Hondo68  posted on  2015-05-01   18:30:36 ET  Reply   Trace   Private Reply  


#106. To: tpaine (#100)

No, it's purpose was to force state and local govts to stop infringing on the rights of their citizens.

Definitely not. Where is the part about local governments coming from? The Amendment took dead aim at the States.

https://supreme.justia.com/cases/federal/us/106/629/case.html

United States v. Harris, 106 U.S. 629 (1883)

[...]

It is however strenuously insisted that the legislation under consideration finds its warrant in the first and fifth sections of the Fourteenth Amendment. The first section declares

"All persons born or naturalized in the United States and subject to the jurisdiction thereof are citizens of the United States and of the state wherein they reside. No state shall make or enforce any law which shall abridge the privileges or immunities of citizens of the United States, nor shall any state deprive any person of life, liberty, or property without due process of law, nor deny to any person within its jurisdiction the equal protection of the laws."

The fifth section declares "The Congress shall have power to enforce by appropriate legislation the provisions of this amendment."

Page 106 U. S. 638

It is perfectly clear from the language of the first section that its purpose also was to place a restraint upon the action of the states. In the Slaughterhouse Cases, 16 Wall. 36, it was held by the majority of the Court, speaking through MR. JUSTICE MILLER, that the object of the second clause of the first section of the Fourteenth Amendment was to protect from the hostile legislation of the states the privileges and immunities of citizens of the United States, and this was conceded by MR. JUSTICE FIELD, who expressed the views of the dissenting Justices in that case. In the same case the Court, referring to the Fourteenth Amendment, said that

"if the states do not conform their laws to its requirements, then by the fifth section of the article of amendment Congress was authorized to enforce it by suitable legislation."

The purpose and effect of the two sections of the Fourteenth Amendment above quoted were clearly defined by MR. JUSTICE BRADLEY in the case of United States v. Cruikshank, 1 Woods 316, as follows:

"It is a guarantee of protection against the acts of the state government itself. It is a guarantee against the exertion of arbitrary and tyrannical power on the part of the government and legislature of the state, not a guarantee against the commission of individual offenses, and the power of Congress, whether express or implied, to legislate for the enforcement of such a guarantee does not extend to the passage of laws for the suppression of crime within the states. The enforcement of the guarantee does not require or authorize Congress to perform 'the duty that the guarantee itself supposes it to be the duty of the state to perform, and which it requires the state to perform.'"

When the case of United States v. Cruikshank came to this Court, the same view was taken here. The Chief Justice, delivering the opinion of the Court in that case, said:

"The Fourteenth Amendment prohibits a state from depriving any person of life, liberty, or property without due process of law or from denying to any person the equal protection of the laws, but this provision does not add anything to the rights of one citizen as against another. It simply furnishes an additional guarantee against any encroachment by the states upon the fundamental rights which belong to every citizen as a

Page 106 U. S. 639

member of society. The duty of protecting all its citizens in the enjoyment of an equality of rights was originally assumed by the states, and it remains there. The only obligation resting upon the United States is to see that the states do not deny the right. This the amendment guarantees, and no more. The power of the national government is limited to this guarantee."

92 U.S. 92 U. S. 542.

So, in Virginia v. Rives,100 U. S. 313, it was declared by this Court, speaking through Mr. Justice Strong, that "these provisions of the Fourteenth Amendment have reference to state action exclusively, and not to any action of private individuals."
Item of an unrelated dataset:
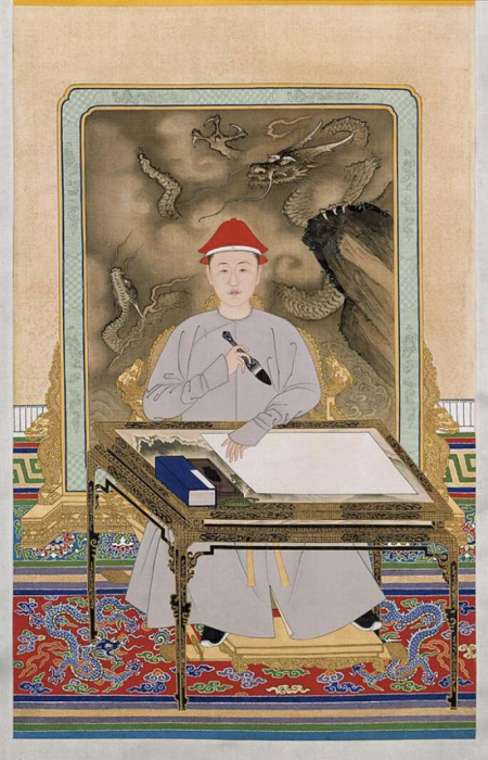 Theo ghi chép lịch sử, phàm là nơi Hoàng đế Khang Hy ngồi, thư tịch đều được xếp thành vòng xung quanh. Hình vẽ chân dung Hoàng đế Khang Hy đang đọc sách năm 1699 (45 tuổi). (Phạm vi công cộng)

These authorities show conclusively that the legislation under consideration finds no warrant for its enactment in the Fourteenth Amendment.

The language of the amendment does not leave this subject in doubt. When the state has been guilty of no violation of its provisions; when it has not made or enforced any law abridging the privileges or immunities of citizens of the United States; when no one of its departments has deprived any person of life, liberty, or property without due process of law, or denied to any person within its jurisdiction the equal protection of the laws; when, on the contrary, the laws of the state, as enacted by its legislative and construed by its judicial and administered by its executive departments recognize and protect the rights of all persons, the amendment imposes no duty and confers no power upon Congress.

nolu chan  posted on  2015-05-01   18:55:03 ET  Reply   Trace   Private Reply  


#107. To: misterwhite (#104)

"The official state record of the act of marriage having occurred falls squarely into the Fourteenth Amendment."

Then why did you bring up Article IV, Section 1 in your post #82 and dedicate 5,000 words to it?

I was checking to see if you could read or count. Now I know.

nolu chan  posted on  2015-05-01   19:01:53 ET  Reply   Trace   Private Reply  


#108. To: tpaine (#103)

Why is that your opinion? Exactly what wording in the amendment gives the feds more power over the States than was in the original constitution? --- I see none..

If you are unable to see the language, see the right to same-sex marriage attributed to the 14th. See the right to abortion attributed to the 14th. See the broad right to privacy in the 14th. Photographers being required to work at same-sex weddings despite religious objections. A baker with religious objections being required to decorate a cake with a gay theme.

If the 14th were benign, and for the glorious purpose you suppose, and a war was fought for that glorious purpose, why was the amendment refused ratification when only the union states voted upon it? The Radicals did try to ratify it without Southern participation but could not get ¾ths of the Union states to ratify it. The 13th amendment met no such resistance, not even from the unreconstructed Southern states of 1865.

The Federal government dictates to the states who its citizens are. It told the states who may be elected to State offices.

The States created a union of States, and a Federal government to be an agent to serve them for certain purposes. They did not create a master to rule over them. And yet, we have Lincoln consider them as big counties,

If a State, in one instance, and a county in another, should be equal in extent of territory, and equal in the number of people, wherein is that State any better than the county?

“States rights died at Appomattox,” is a statement attributed to Salmon P. Chase. More appropriate, they were extinguished by the 14th Amendment.

Big counties cannot mount serious resistance to Federal power.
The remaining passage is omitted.